The Journal Gazette
 
 
Thursday, January 14, 2021 1:00 am

Illinois House makes history

1st black speaker elected; ex-leader targeted in probe

Associated Press

SPRINGFIELD, Ill. – The Illinois House on Wednesday elected its first Black speaker to replace the longest-serving legislative leader in modern U.S. history, picking Democratic Rep. Emanuel “Chris” Welch for the job and pushing aside Michael Madigan after he was implicated in an ongoing bribery investigation.
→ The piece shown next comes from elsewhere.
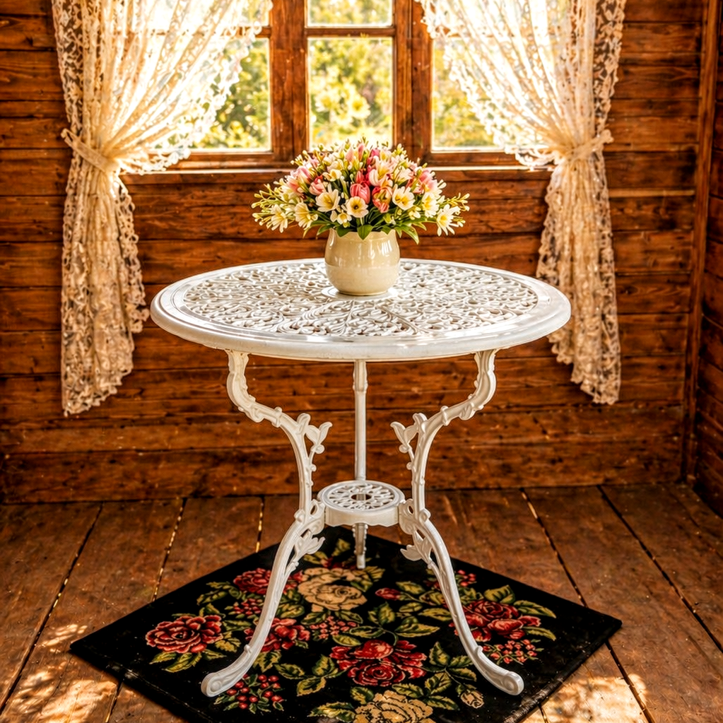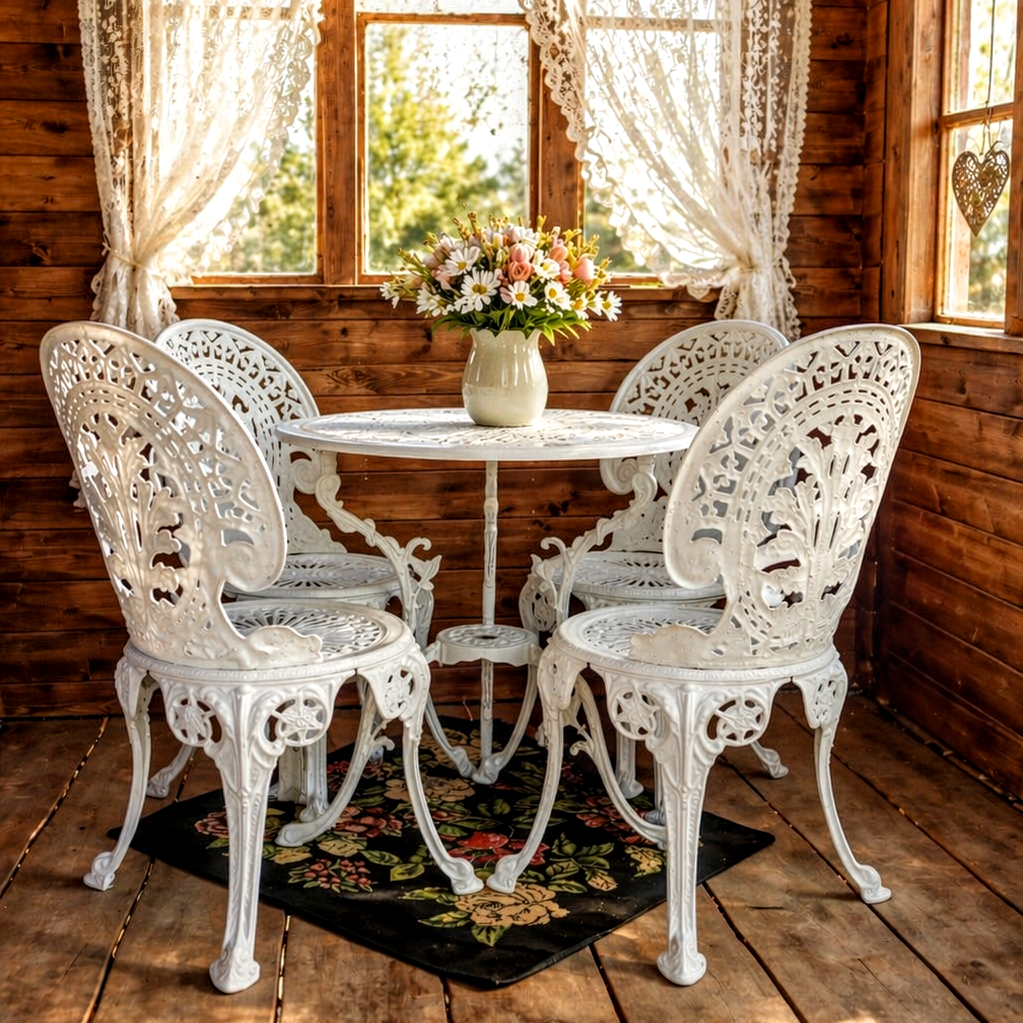 Victoria stiilis malmist aiamööbli komplekt kannab endas ajatut elegantsi, kus kohtuvad vormi peenus, materjali väärikus ja vana Euroopa aedade romantiline meeleolu.
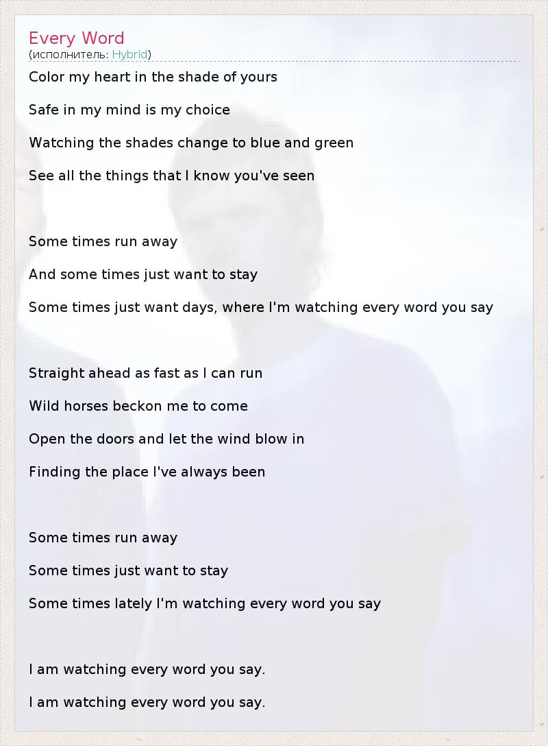 Color my heart in the shade of yours Safe in my mind is my choice Watching the shades change to blue and green See all the things that I know you've seen Some times run away And some times just want to stay Some times just want days, where I'm watching every word you say Straight ahead as fast as I can run Wild horses beckon me to come Open the doors and let the wind blow in Finding the place I've always been Some times run away Some times just want to stay Some times lately I'm watching every word you say I am watching every word you say. I am watching every word you say.

Welch, an eight-year House veteran from the Chicago suburb of Hillside, garnered 70 votes from the 118-member House just days after emerging as the front-runner alternative to Madigan, 78, who was first inaugurated as a House member a half-century ago.

Madigan has wielded the gavel 36 of the past 38 years and had sought another term in his post despite 19 members of his caucus announcing their opposition in the past six months. But after coming up short in a Sunday caucus vote, Madigan suspended his campaign, allowing lawmakers to consider others rather than force a potentially drawn-out floor fight that would paralyze all other business.

“It is time for new leadership in the House,” Madigan said in a statement. “I wish all the best for Speaker-elect Welch as he begins a historic speakership. It is my sincere hope today that the caucus I leave to him and to all who will serve alongside him is stronger than when I began.”

Last summer, Madigan was identified in a Justice Department investigation as the beneficiary of a yearslong bribery venture involving ComEd.

It has thus far yielded a $200 million fine on the utility giant, a ComEd executive's guilty plea and indictments of four others, including Madigan's closest confidante. Madigan has not been charged with a crime and has denied wrongdoing.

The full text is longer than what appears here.